# Norbord RE- US housing uptick



## LOST (Aug 30, 2010)

I just purchased some norbord recently and was wondering if anybody else is thinking that the US housing market is just starting to take off and is a good entry point. Stock has doubled recently but may be good for long term hold.


----------



## ddkay (Nov 20, 2010)

I bought in at $17 after reading some of hboy43 posts about it. Sold all Friday. Look at US housing stats from earlier this week.. prices are up but starts are down 3% in November. And the fiscal cliff could really throw this off the rails. I may re-enter sometime in January.


----------



## daddybigbucks (Jan 30, 2011)

Lumber was my commodity pic for 2012 and it has done very well.
Some analysts are saying the 5 year supercycle is starting now in lumber and wood products. I tend to agree but I may be a bit biased.

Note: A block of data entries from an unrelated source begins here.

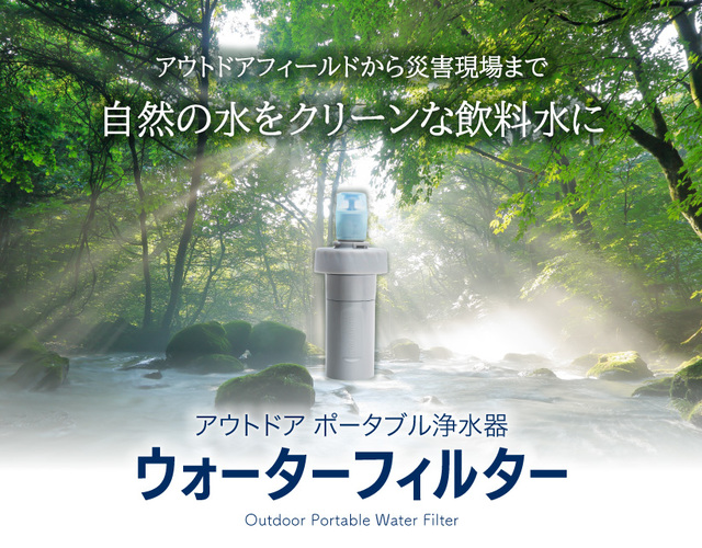 川や湖などの水に含まれる微生物や濁りなどを除去し、安全な飲料水を作るポータブル浄水器。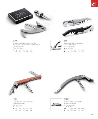 Sacacorchos. Madera. Con abrebotellas Sacacorchos. Metal. Con abrebotellas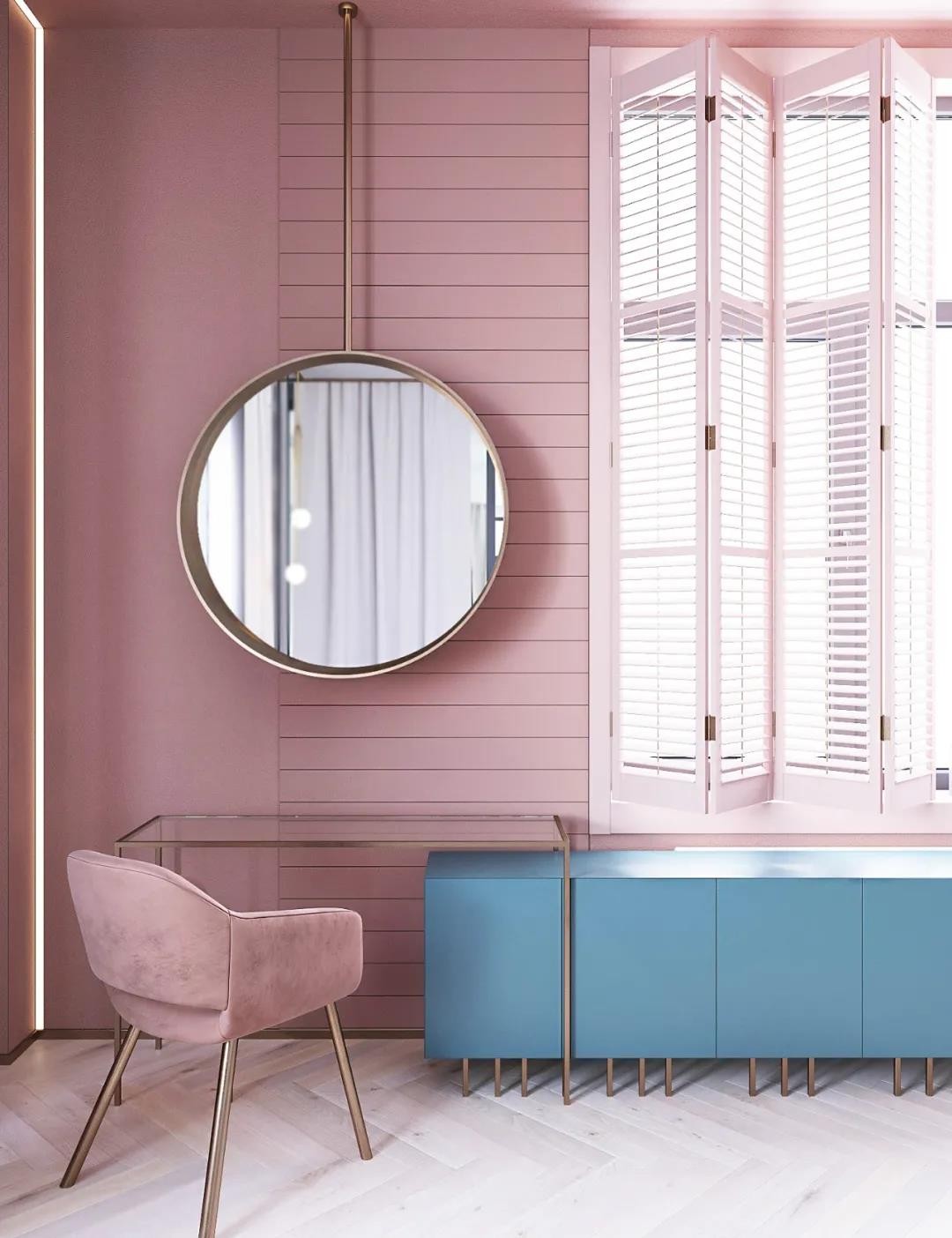 女主人的梳妆台运用极简设计,玻璃桌与矮柜充分融合,仿佛一个整体,空间协调性非常完美,大圆镜子也作为一个装饰,从远处就能照亮女主人的全身。

I parked most my money in ANS, an OSB panel provider.
I bought a lot of shares under a dollar and have been selling on the way up.
I had about half my shares left and they just announced a Rights offering for $1.25 for 1 and a half shares so I got to load up again.

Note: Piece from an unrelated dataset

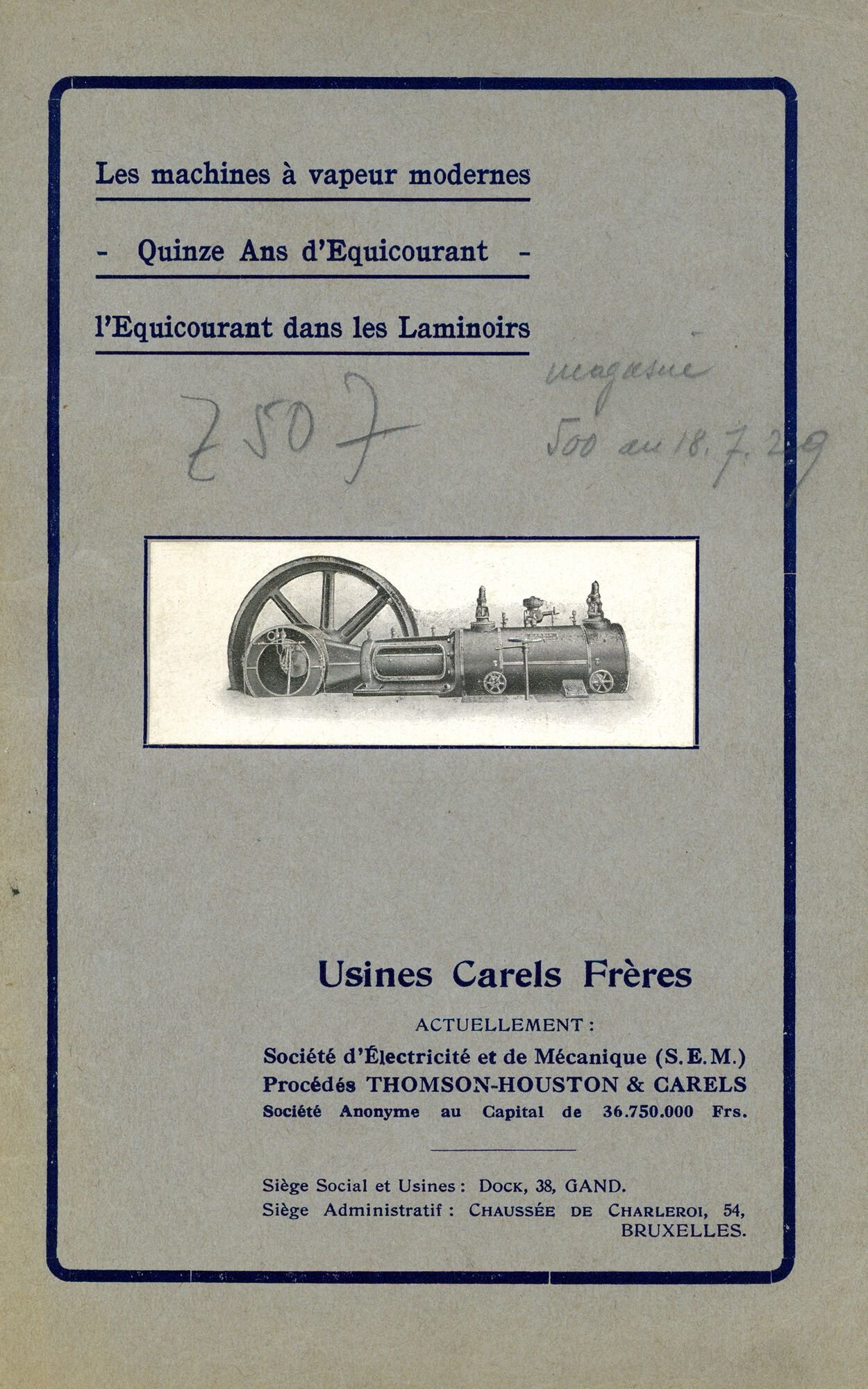 - opschriften: Les machines à vapeur modernes - Quinze And d'Equicourant - l'Equicourant dans les Laminoirs / Usines Carels Frères / ACTUELLEMENT: / Société d'Électricité et de Mécanique (S.E.M.) / Procédés THOMSON-HOUSTON & CARELS / Société Anonyme au Capital de 36.750

ANS isn't the best run management wise but they making money hand over fist when OSB prices are as high as they are now (ie $358perMbf)
A lot of mills have shut down permanently because of the depressed price of lumber last couple years. Classic supply and demand.
I would watch your commodity on RandomShorts, and hold till you see weakness in the market.
good luck


----------



## LOST (Aug 30, 2010)

*Re- Randomshorts*



daddybigbucks said:


> Lumber was my commodity pic for 2012 and it has done very well.
> Some analysts are saying the 5 year supercycle is starting now in lumber and wood products. I tend to agree but I may be a bit biased.
> 
> I parked most my money in ANS, an OSB panel provider.
> ...


 Daddybigbucks: Can't find website for randomshorts. Do you have the URL? Thanks


----------



## daddybigbucks (Jan 30, 2011)

LOST said:


> Daddybigbucks: Can't find website for randomshorts. Do you have the URL? Thanks


OOPPSS

its random lengths... dumb name

http://www.randomlengths.com/Woodwire/RL-Lbr-Pnl/


----------



## hboy43 (May 10, 2009)

LOST said:


> I just purchased some norbord recently and was wondering if anybody else is thinking that the US housing market is just starting to take off and is a good entry point. Stock has doubled recently but may be good for long term hold.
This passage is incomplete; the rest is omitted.